The Ravizzas first became acquainted while working as Resident Assistants together.

“You have to spend a lot of time together with training and different events, so I just thought he was really cute, and the more time I spent with him, the more time I wanted to spend with him,” said Dr. BBR.

Dr. Mara Brecht first met Mr. Ben Kesling at a welcome picnic at Harvard Divinity School.

“That year it happened to be the case that the two women who headed the picnic were evangelical Christians and they said there could be no alcohol at the event. […] This person walks up to me and says ‘I’m collecting money for beer, you want to throw in?’ […] So I gave five dollars for beer and that was the beginning of our relationship,” said Dr. Brecht.

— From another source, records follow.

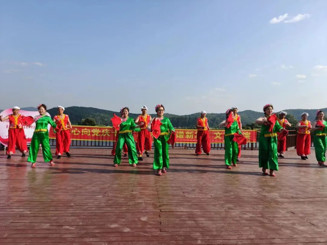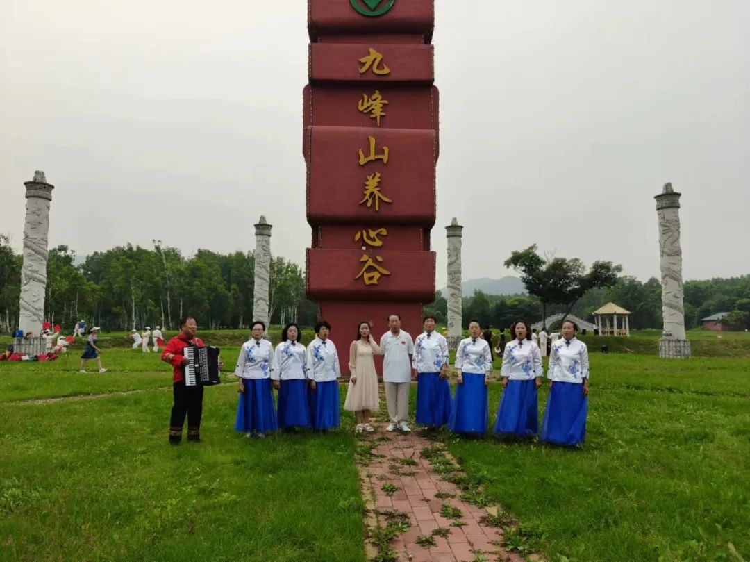 在九峰山养心谷景区,区老年大学精心组织的表演团队为游客们带来了舞蹈、快板、葫芦丝演奏、太极表演、旗袍走秀等形式多样、内容丰富的节目。欢快的舞蹈如彩蝶翩跹,优美的歌声似黄莺出谷,还有声情并茂的快板及旗袍秀表演,展现着女性的柔情与力量,为景区增添浓郁的文化氛围,丰富游客的游玩体验。
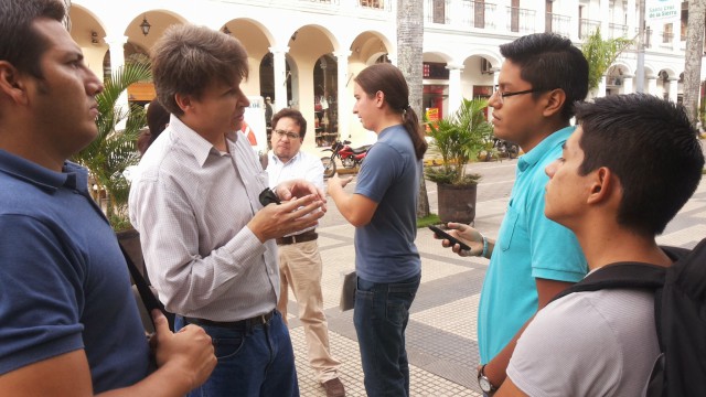 Día de El Desafío. Plaza central. Gutiérrez, acompañada por personal del equipo técnico y de comunicación de Viva, se dispone a demostrar a los activistas de “Más y mejor internet para Bolivia” que nada malo pasa con internet.
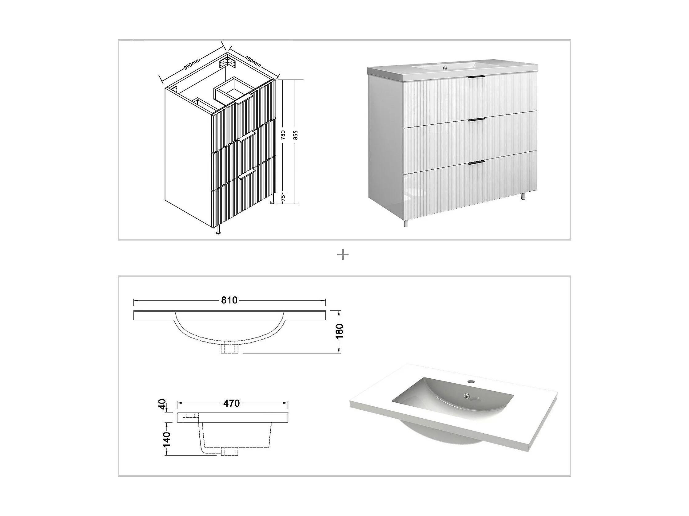 Meuble de salle de bain Strié Brillant, Meuble de sol 100cm avec simple vasque + 3 tiroirs, Blanc
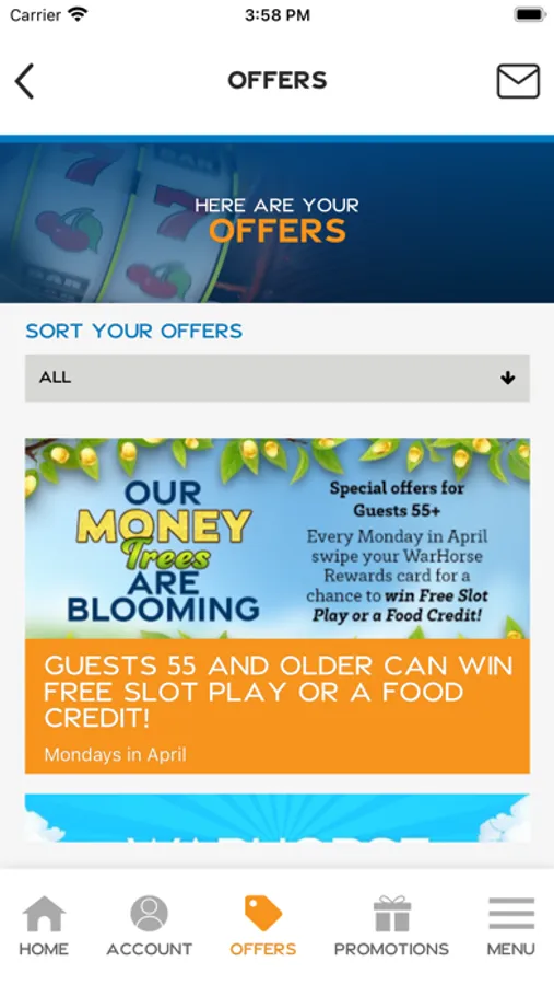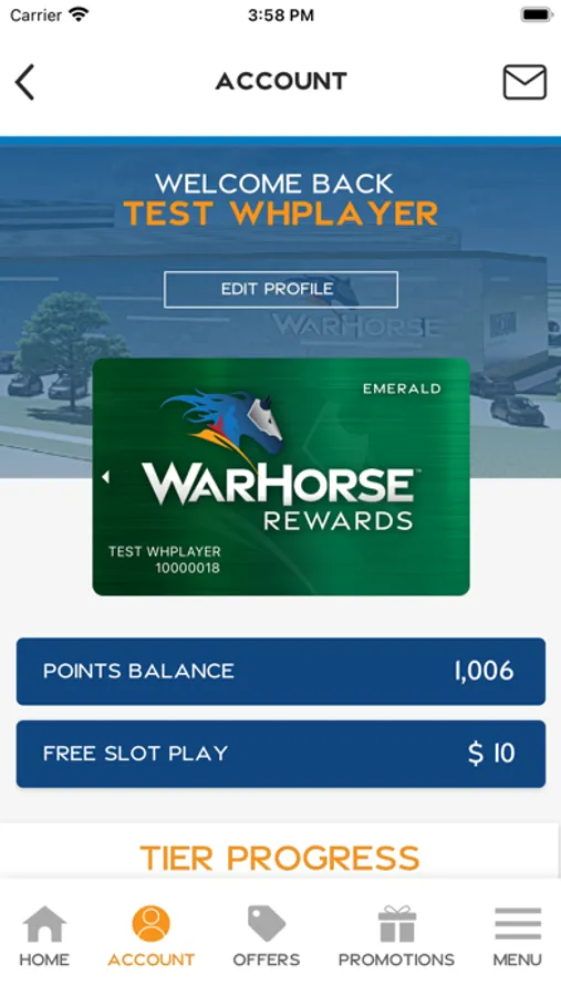 WarHorse Rewards Members can log in via the Account page to get the most out of the WarHorse Casino app! By logging in you’ll be able to view special offers like points and free slot play.
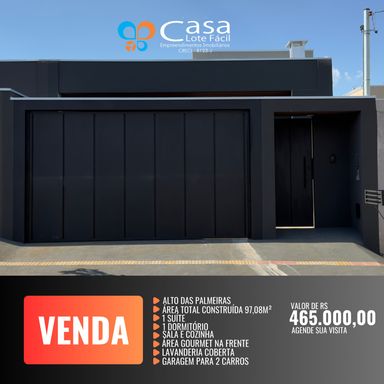 Casa Alto das Palmeiras 163,60 mt2 de construção Terreno 13x 26 mt2 Garagem para um carro Sala e cozinha gourmet separado 1 dormitório 1 suíte 1 demo suite que dá acesso à área externa 1 escritório 1 wc 1 dispensa 1 lavanderia fechada ( estendel escondido ) com um cisterna de armazenamento de 5 mil litros. (Para utilizar no jardim e varanda ! ) Energia solar , de 1.100 klw Quintal na frente e nos fundos Valor R$ 1.090.000,00
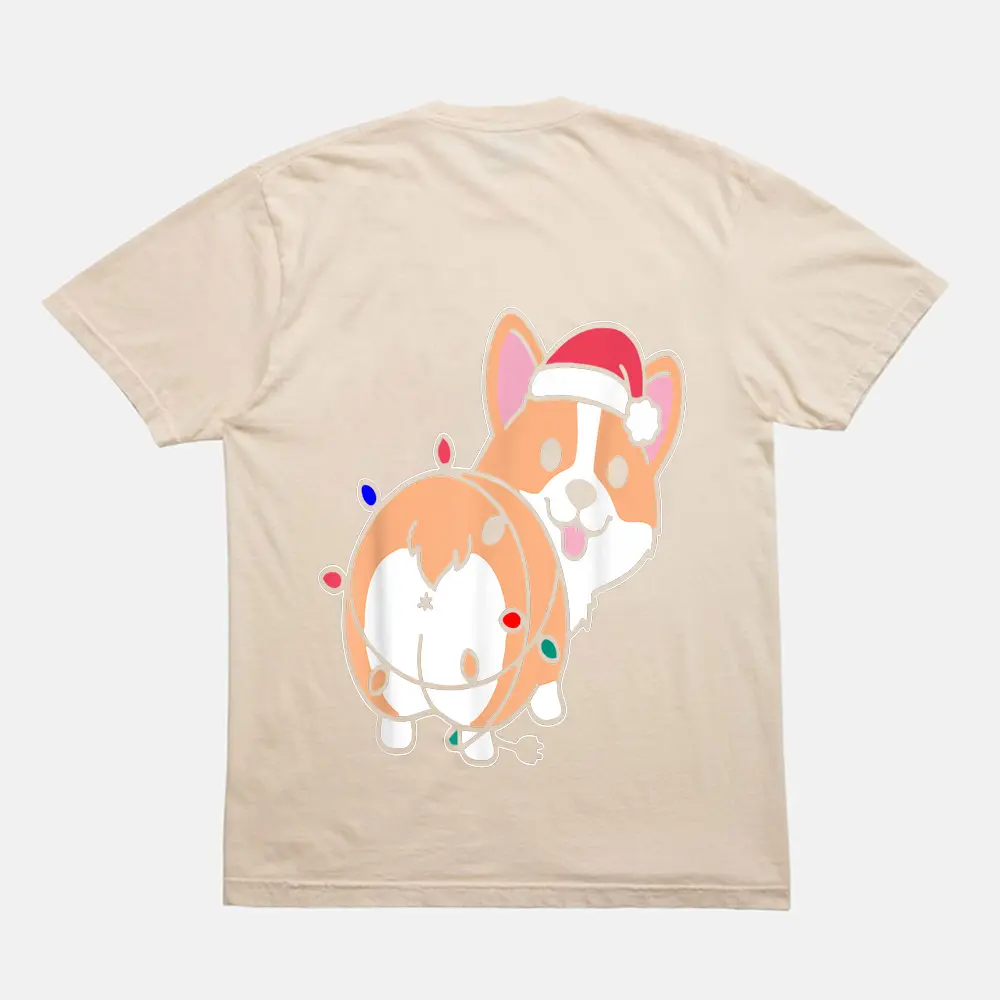 Christmas Corgi With Lights Gifts For Dog Lover Women Kids T-Shirt – Cream

Another question asked the couples, “When you argue with each other, what techniques do you use to diffuse the tension?”

“I think it’s important that you don’t pretend that you don’t have arguments. I think that if you’re in an honest relationship, you are going to have differences of opinion. […] It’s one of those ironies of life that people you love the most are also the ones that you are the most unfair and unpleasant to and the reason why is because you trust them so much,” President Kunkel responded.

“One of the things we’ve sort of come to realize is different personality types and we really understand that in each other. […] Knowing these personality differences is huge for making a relationship work,” added Dr. J. Neary.

To end the dialogue, the couples were asked, “What’s your favorite thing to do with your partner?”

“We don’t have to be doing anything, really,” said Dr. BBR.

“I think especially with kids, then that adds a whole new dimension because you start to appreciate those times a lot more. […] You stop to appreciate that hour you can spend together,” Dr. J. Ravizza added.

“I love going on trips with Mara and her friends. […] It’s fantastic because you expand the conversation, and just making sure that the person you’re with has good friends is a really important witness test,” Mr. Kesling responded.